By the time you get to the cash register, it is now 12:07. After midnight. And these cash registers are on a computer that won't let the cashier sell beer after midnight. You will not get your beer, and there's nothing she can do about it.
Lesson learned: If you are ever in this position, and you know that midnight is creeping up, urgently alert the front-end manager who's sweeping and mopping *before* midnight. I'm not saying yell at her, but you must get her attention. Seriously. Don't be sweet and patient and polite. You have been waiting in line forever, and darn it, you got there half an hour before midnight. You really should be able to get your beer, and the only person who can help you is a manager-type person. She doesn't know to bump you to the front of the line unless you let her know about your shopping needs.
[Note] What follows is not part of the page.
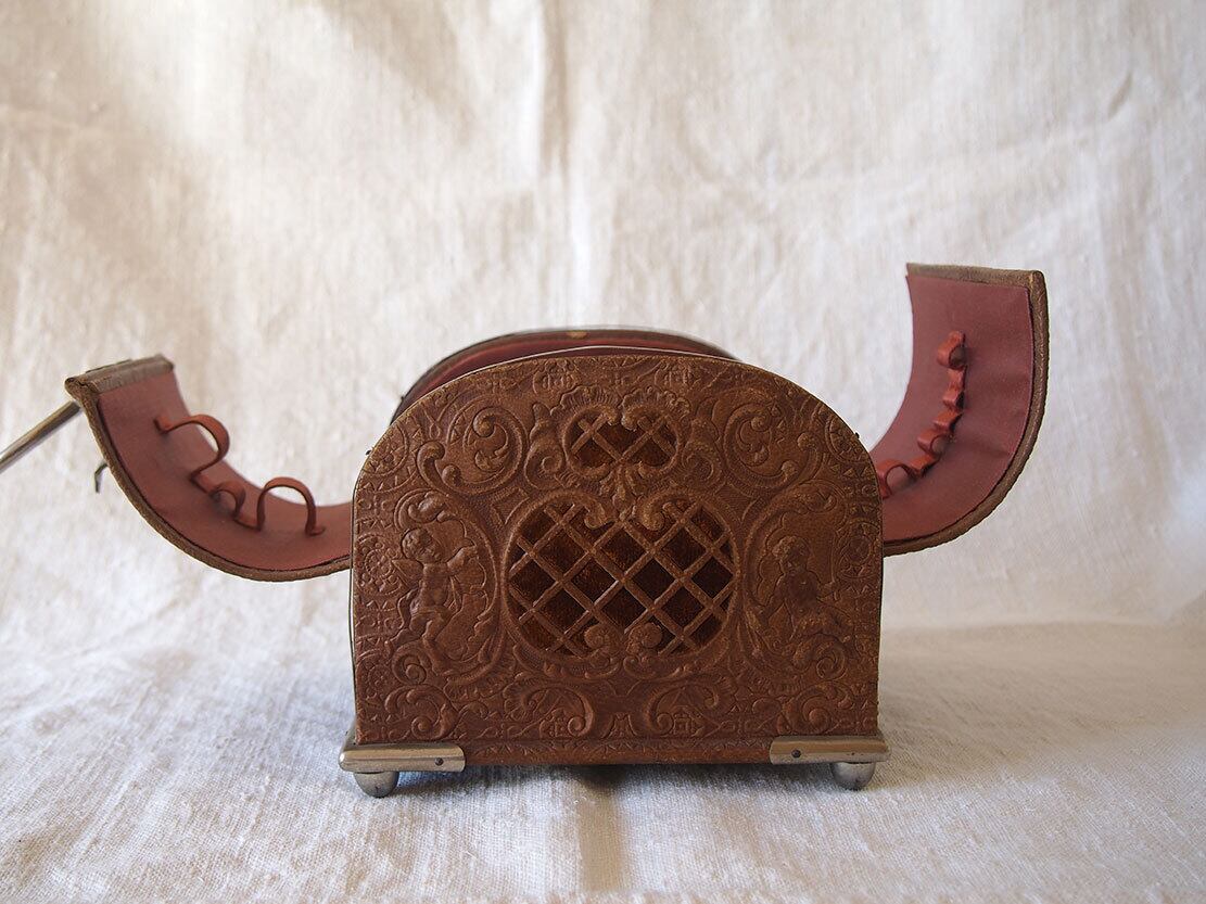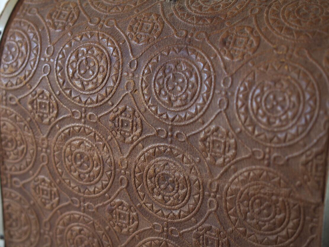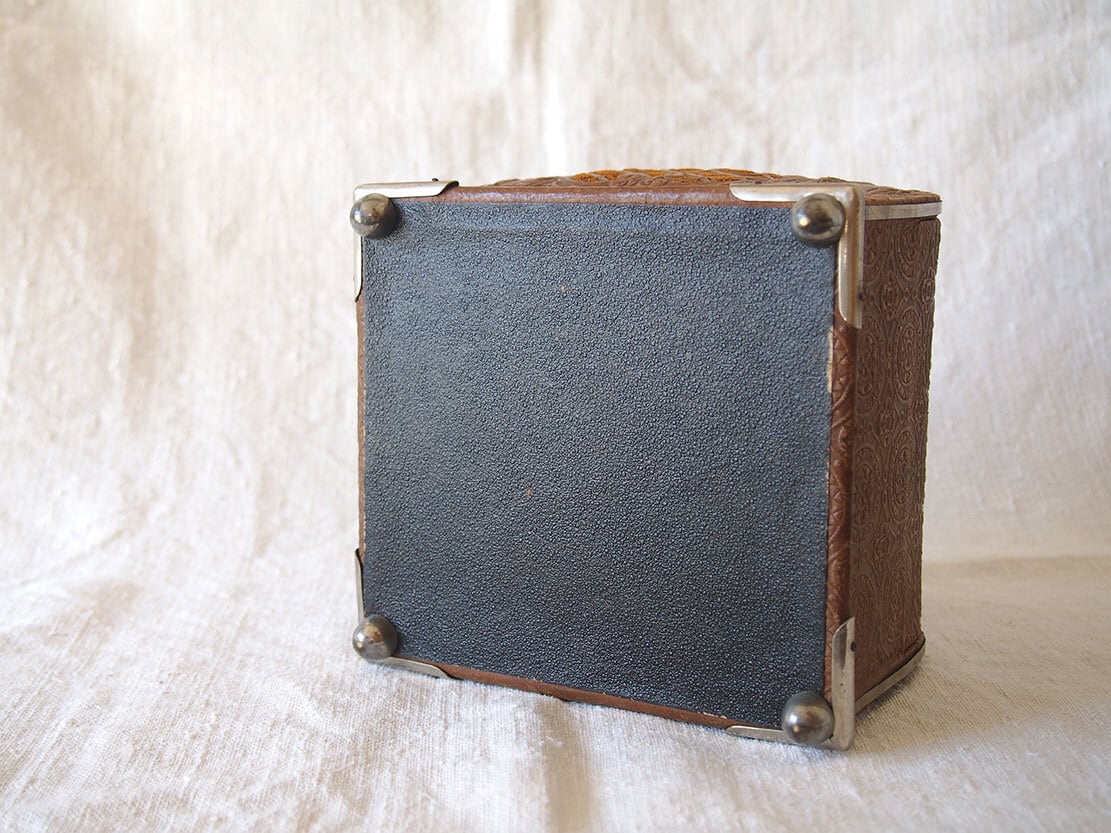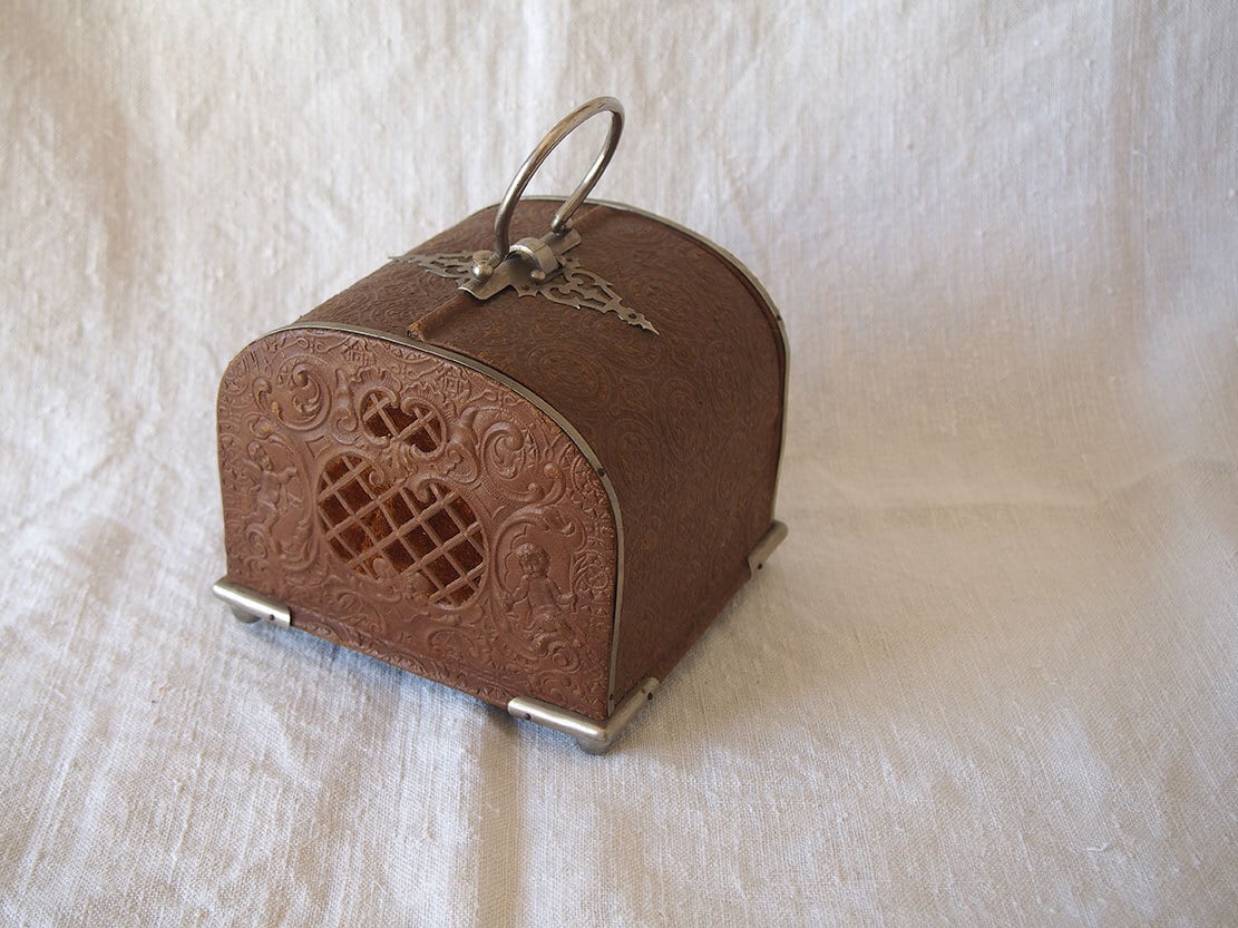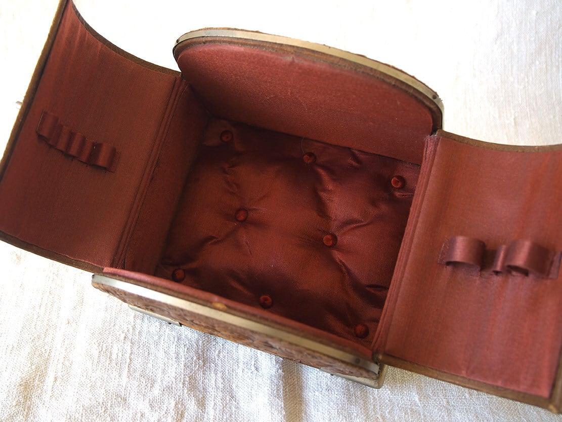 ヨーロッパのアンティーク市にて入手。おおよそ1880〜1920年頃に作られたと考えられる、アンティーク・デヴォーショナルボックスです。19世紀後半のロココ・リヴァイヴァル様式。型押し装飾が施された紙製の外装には、プット(天使)や唐草文様が表現されたロココ調のデザイン、中央には格子状の透かし装飾が配されています。内部はサテン張りで、当時の信仰用品らしい丁寧な作りです。 ロザリオやメダイ、小さな聖品、祈りのための私的な品を収める目的で用いられていたものと思われます。外側は紙製ですが、内部は厚紙などを利用したしっかりとした作りで、装飾性と実用性を兼ね備えた一点です。経年による擦れや風合い、わずかな使用感は見られますが、実用可能な小箱です。コレクションやディスプレイ、カトリック信仰に関わる品の保管用としてもおすすめです。

How I've Changed As A Shopper
Now I know to unload the heavy stuff from the bottom of the cart myself so the cashier doesn't have to do it. I know now to bag my own groceries if there's no bag boy and the line behind me is two carts long. You might think, "The cashier has a method for bagging and if I try do it myself, I will get in her way." This is not true. The cashier will kiss your feet if you bag your own groceries.
Sadly -- very sadly -- I'm now aware that some of the people who work late really hate the shoppers who come into the store during the hour before closing. I have always been a late-night shopper. I had no idea that a front-end manager I've seen hundreds of times was making faces at me behind my back, and it hurts. It isn't my fault the store is open until midnight and they have to work that late.
The Upshot and the Lowdown
I gave notice on Thursday. My last night at the grocery store will be Saturday, April 22nd, which is the local high school's Prom Night. The store will need all the adults it can find just to keep the place open.
On Friday while I was washing and waxing my beautiful Prius, I stepped on something very sharp that stabbed deeply into the bottom of my heel, and now I'm afraid I won't be able to work out the remainder of my week. The pain is pretty darned significant. It wasn't bad last night, but it's swollen and painful today. I'm supposed to be at work at 6:00 to 10:30 tonight, and ... I'm just not sure I can physically do it.
When I gave notice to the store manager on Thursday, he said, "If you ever change your mind, you know where we are. I would hire you back in a heartbeat." I wonder if he would still feel that way if I failed to be able to work because my heel hurts so much?